I'll try not to spoil the journey for you should you care to take it on the half hour as many theaters have scheduled it. But not only does Anderson choose to focus on what should just be one small conflict in a potentially epic story--and then choose to skip through time and tell us about it as opposed to showing a lot of foundational material needed to care this much about said conflict as the movie's most obvious struggle. The rapscallion--oh, P.T., you're sly--mischievously doesn't follow through on the promise of the film about big ideas, and he sadly doesn't completely flesh out his "oil man." His history or his relationships--say, with his son. Such that when they fall on hard times, it's nearly impossible to care. That is, if you can detach yourself from DDL's performance--and it's hard, but try.

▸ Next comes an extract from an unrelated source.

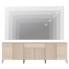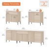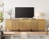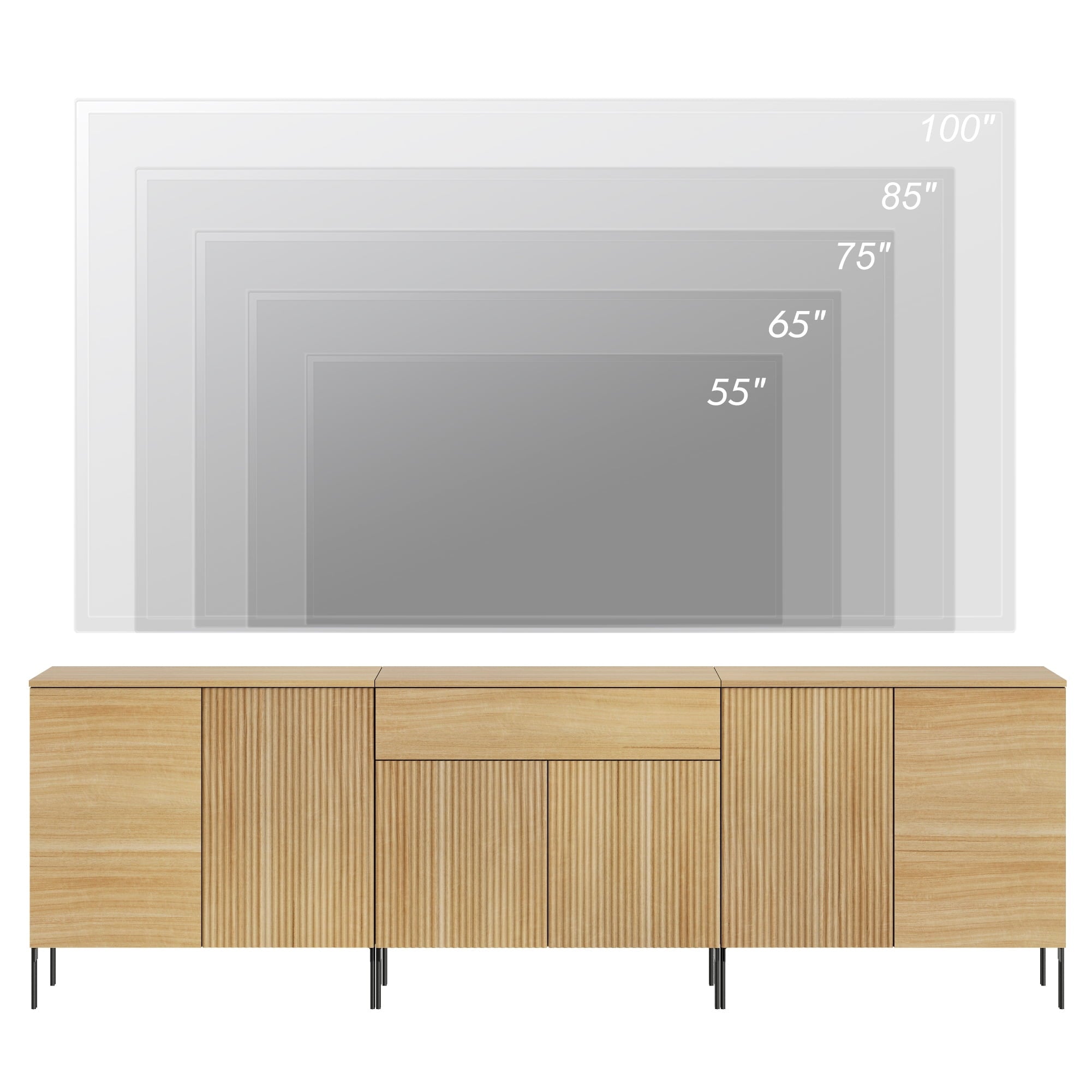 Elevate your entertainment setup with the elegant 94.5″ TV Stand. Its classic soft-finish painted MDF top and sleek metal legs blend effortlessly with any décor, while a discreet push-to-open system and refined reeded front panels add modern sophistication. The generously sized drawers keep remotes, game controllers, cables, and media accessories neatly hidden yet easily accessible, and the water-resistant, scratch-proof surface stands up to daily use. High legs let robotic vacuums glide underneath for effortless cleaning, and an included anti-tip kit ensures safety around kids and pets. Designed for living rooms, bedrooms, or dens, this versatile stand delivers stylish storage and sturdy support for TVs up to 100″.

Sure, it's fun to see bowling pins used in new American ways (I'm not a spoiler). But the whole show shouldn't have been so comedic or surprisingly focused on such a lame tangent when it seemed like so much could have happened. There was a lot of laughter in the theater--and it wasn't the dark, twisted laughter for which the filmmaker may hope. But don't worry if you liked it: I'm sure the Academy's already sealed this film's destiny.
After all, it's an acting triumph for DDL. But is it really? Didn't we know he could do this stuff? Did we need to see it again? Some of it was very enjoyable but it seemed like wasted effort. Pair the genius actor up with someone who thinks bigger--and better. To make a movie this long that gives us this little is really a feat--but not one we should endorse.

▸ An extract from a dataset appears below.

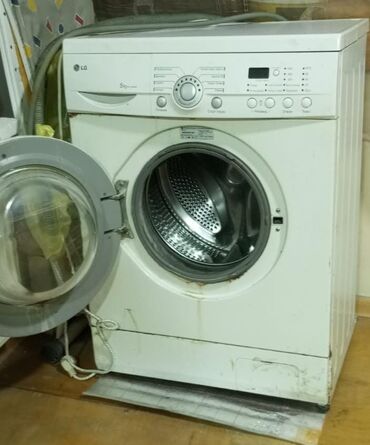 Əlavə olaraq şəkildə LG önyükləməli paltaryuyan maşın görünür: çoxproqramlı panel, 5 kq-a qədər yuma tutumu, digital göstərici və klassik ön lyuk.

Even more offensive to Shallot central is the musical side of the equation. The filmmakers hired a potentially strong composer--Radiohead's Johnny Greenwood--to write what sounded like an intriguing score made of pitch-bending dissonances and anxiety provoking rhythms.
But the movie tries too hard, shallowly, in this department too. Instead of letting Greenwood follow through on what could have been a start-to-finish symphonic score--something you'd want to listen to on its own, say--Anderson shares with us the novel third movement of Brahms's Violin Concerto to interrupt it and accompany one of the film's most triumphant and tragic plot points. Then, when matters turn mysterious, the music supervisor throws in a cello ensemble version of Arvo Pärt's Fratres. Too easy and disrespectful. To the film, the older music, and new film composer.
I love both of these pieces--and there's definitely something in the barren setting of the film and the character's wayward morality apropos of Pärt if not this one movement of Brahms. But both of these musical insertions undermine Greenwood's work. The film feels musically disjunct because of them, especially when the credits role to the victorious Brahms conclusion.The real Independent thing to do here--you're P.T. Anderson, right?--would have been to let Greenwood score the film in its entirety, not use pre-recorded hits known to conjure narrative power in the middle of the story.
This type of music-supervisory decision isn't always the supervisor's fault. And I'm usually a fan of using great music in a movie--but not so cheaply. It could just be--and seemingly is--the director's too-self-conscious "I'm not as good as I sell myself to be so I better throw in everything but the kitchen sink" mentality. It's hard to find this problem under the thick veil of all that tarry oil and DDL glory acting. But it's there. Believe me.
In fact, such a musical strategy--to say nothing of flaunting DDL and all the detail and epic cinematographic talent the movie employs--renders this truth shockingly obvious when you realize how petty the film's main narrative turns out to be.
And I'm not alone. So many people--including friends I disagree with very often--left my showing at the Arclight disappointed. This movie could have been so much more than it was. But by producers giving free reign to an "indie" filmmaker who shouldn't have been given so much freedom to begin with--then again: hell, I'd give money to anything involving DDL, too--that's what you get.
Frankly, I prefer it when Steve Martin gets small.